Les présidents des Universités de Nantes, Paris-X Nanterre et Toulouse-II Le Mirail demandent la suspension du CPE. Ces présidents s’expriment au nom de leurs conseils d’administration qui se sont prononcé de façon « quasi-unanime » sur la question. Ils réclament également l’ouverture au plus tôt de négociations avec les organisations étudiantes, au risque de voir perdurer les perturbations dans les facultés.
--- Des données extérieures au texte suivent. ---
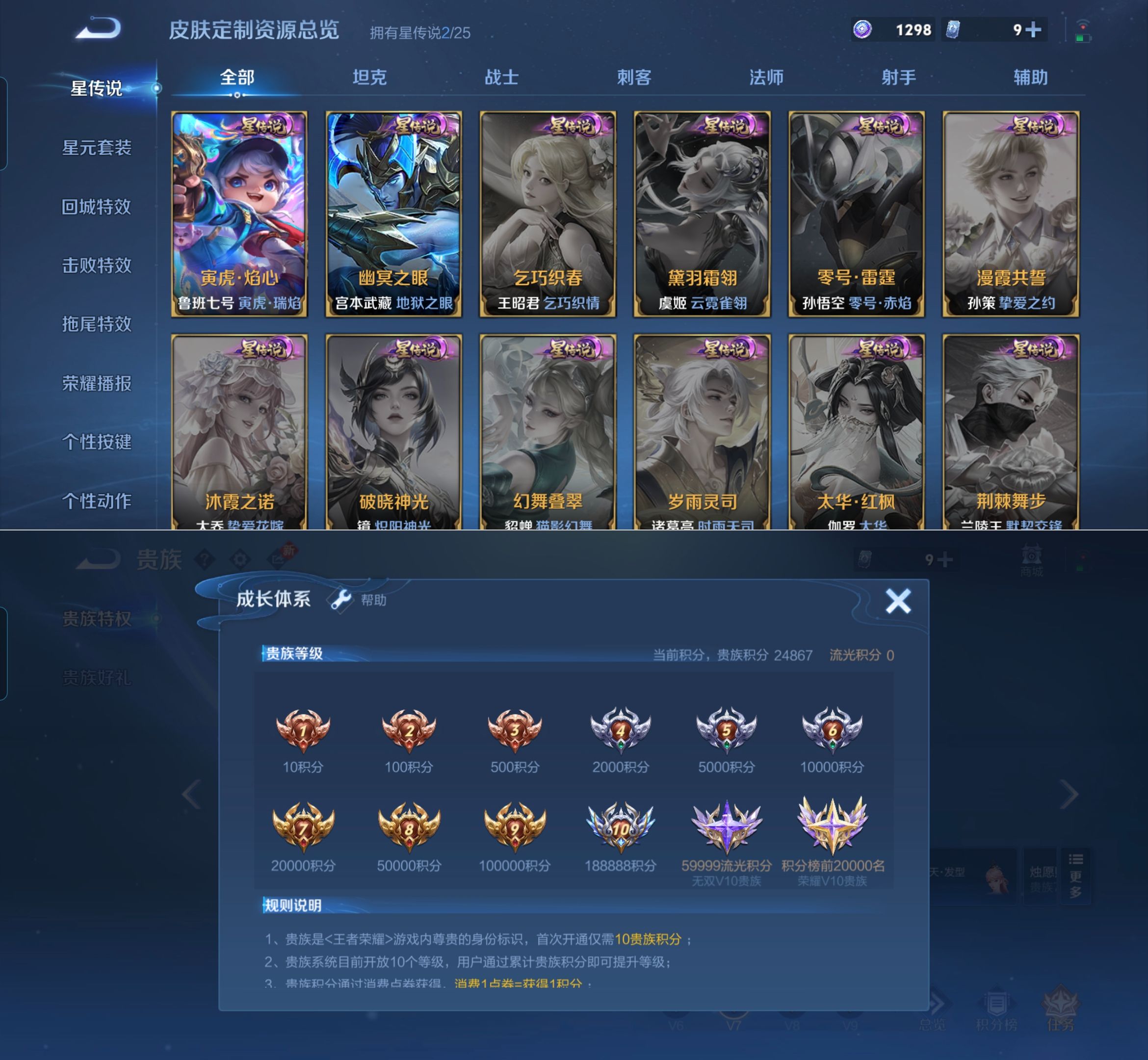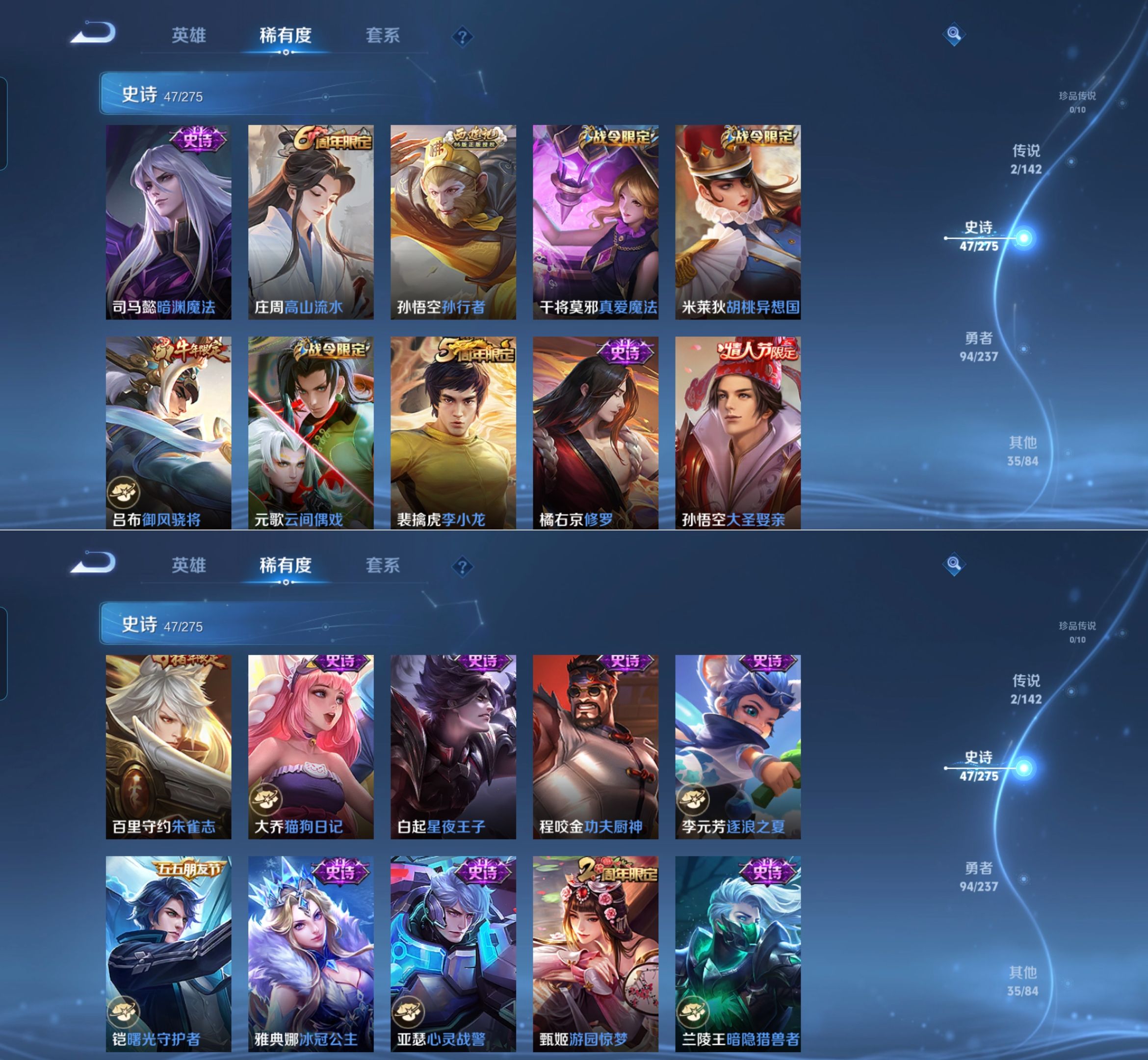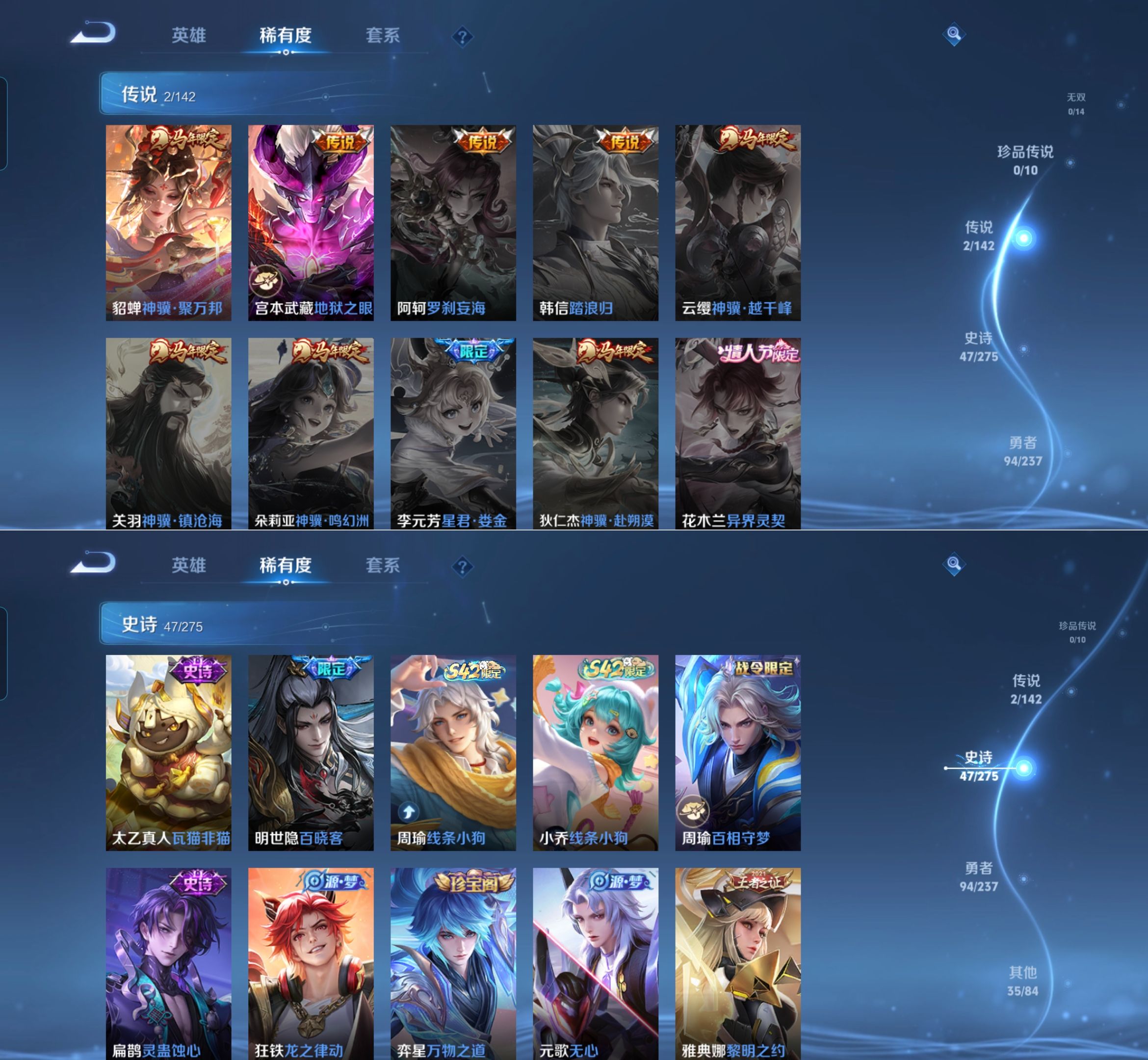 贵族等级:v4皮肤数:180情人节限定1 荣耀典藏1 生肖限定3 传说品质2 英雄数:127

Ces trois présidents ont été rappelés à l’ordre par le ministre de l’Education. De son côté, le vice-président de la Conférence des présidents d’université affirme respecter leur parole mais se demande « si c’est le rôle des présidents d’université » et si « ce n’est pas contre-productif ». Il fait toutefois remarquer que leur demande de suspension de la loi ne constitue pas une prise de position pour ou contre le CPE.

Selon le dernier pointage du ministère, 26 universités sont perturbées par les mouvements tandis que 11 d’entre elles sont totalement bloquées. Il s’agit des campus de La Rochelle, Rennes-II, Le Havre, Paris-X Nanterre, Montpellier-III, Lille-III, Grenoble-II, Grenoble-III, Clermont-II, Aix-Marseille-I, Marne-la-Vallée.